Question

5. The following sample observations on total coating layer thickness (in mm) of eight wire electrodes used for Wire electrical-discharge machining (WEDM): 21 16 29 35 42 24 24 25 Calculate a 99% CI for the variance σ 2 , and the standard deviation σ of the coating layer thickness distribution

Answer 1

Answer:

99% CI for the variance $\sigma^{2}$ , and the standard deviation σ of the coating layer thickness distribution is [23.275 , 477.115] and [4.824 , 21.843] respectively.

Step-by-step explanation:

We are given that the following sample observations on total coating layer thickness (in mm) of eight wire electrodes used for Wire electrical-discharge machining (WEDM) : 21, 16, 29, 35, 42, 24, 24, 25

Firstly, the pivotal quantity for 99% confidence interval for the population variance is given by;

                          P.Q. = $\frac{(n-1)s^{2} }{\sigma^{2} }$  ~ $\chi^{2}__n_-_1$

where,  $s^{2}$ = sample variance = $\frac{\sum (X-\bar X)^{2} }{n-1}$  = 67.43

             n = sample of observations = 8

            $\sigma^{2}$ = population variance

Here for constructing 99% confidence interval we have used chi-square test statistics.

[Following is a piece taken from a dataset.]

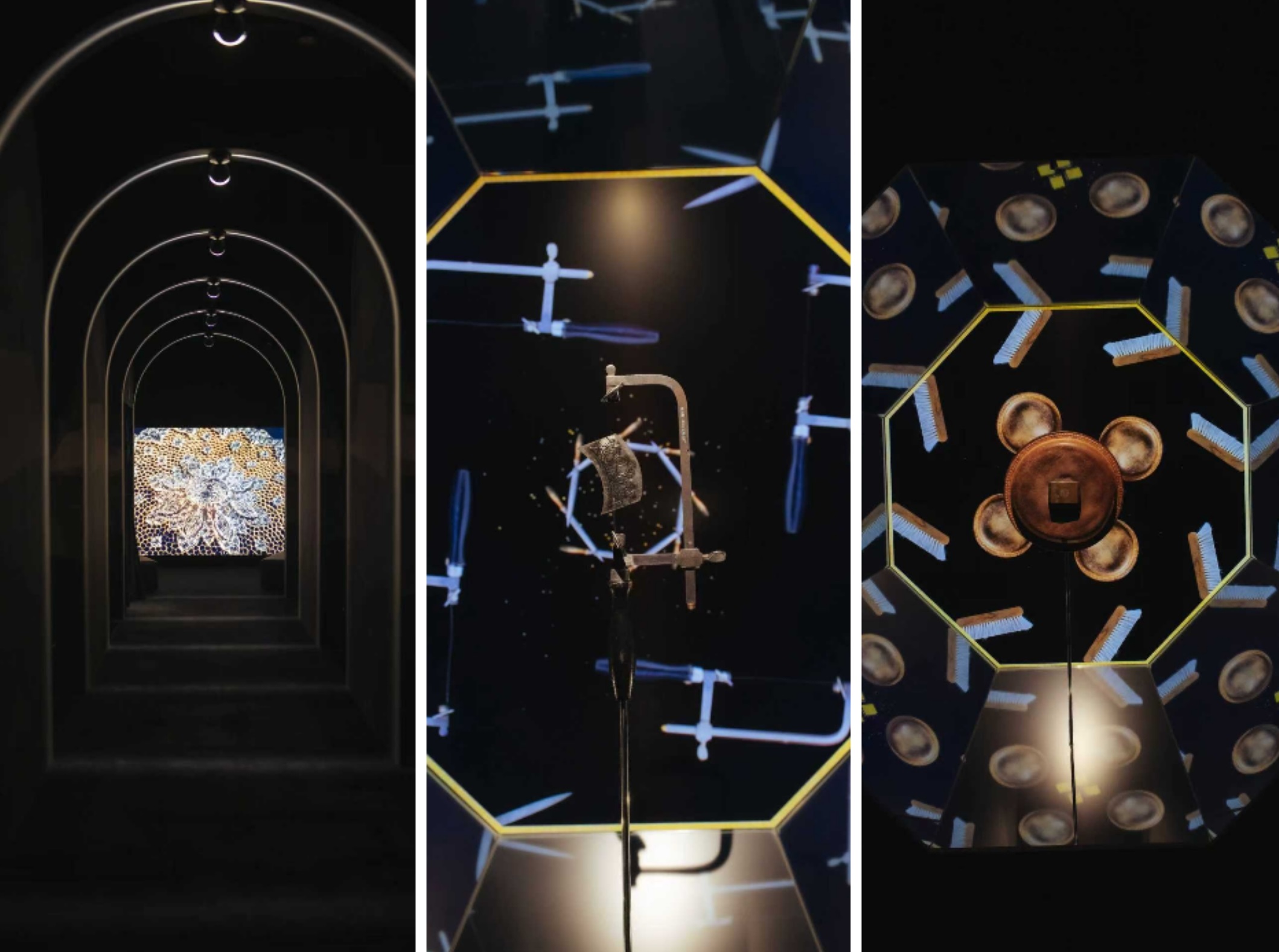 延續至“工藝臻境”展廳,三個主題空間依次展開,探尋布契拉提的藝術靈感之源。第一主題空間“閃耀非凡時刻”悉心陳列精美的古董晚宴手袋、匣式手拿包,與品牌第三代傳承人Andrea Buccellati設計的全新珠寶晚宴手袋;第二主題空間“禮贊比例美學”則致敬金工匠藝與建筑美學的深厚淵源;第三主題空間“追溯經典傳奇”則通過Mario和Gianmaria Buccellati創作的Boscoreale系列銀器杯作,呈現對考古學與古典藝術的深切致意。

So, 99% confidence interval for the population variance, $\sigma^{2}$ is ;

P(0.9893 < $\chi^{2}_7$ < 20.28) = 0.99  {As the critical value of chi-square at 7

                                          degree of freedom are 0.9893 & 20.28}  

P(0.9893 < $\frac{(n-1)s^{2} }{\sigma^{2} }$ < 20.28) = 0.99

P( $\frac{0.9893 }{(n-1)s^{2} }$ < $\frac{1}{\sigma^{2} }$ < $\frac{20.28 }{(n-1)s^{2} }$ ) = 0.99

P( $\frac{(n-1)s^{2} }{20.28 }$ < $\sigma^{2}$ < $\frac{(n-1)s^{2} }{0.9893 }$ ) = 0.99

99% confidence interval for $\sigma^{2}$ = [ $\frac{(n-1)s^{2} }{20.28 }$ , $\frac{(n-1)s^{2} }{0.9893 }$ ]

                                                   = [ $\frac{7\times 67.43 }{20.28 }$ , $\frac{7\times 67.43 }{0.9893 }$ ]

                                                   = [23.275 , 477.115]

99% confidence interval for $\sigma$  = [ $\sqrt{23.275}$ , $\sqrt{477.115}$ ]

                                                  = [4.824 , 21.843]

Therefore, 99% CI for the variance $\sigma^{2}$ , and the standard deviation σ of the coating layer thickness distribution is [23.275 , 477.115] and [4.824 , 21.843] respectively.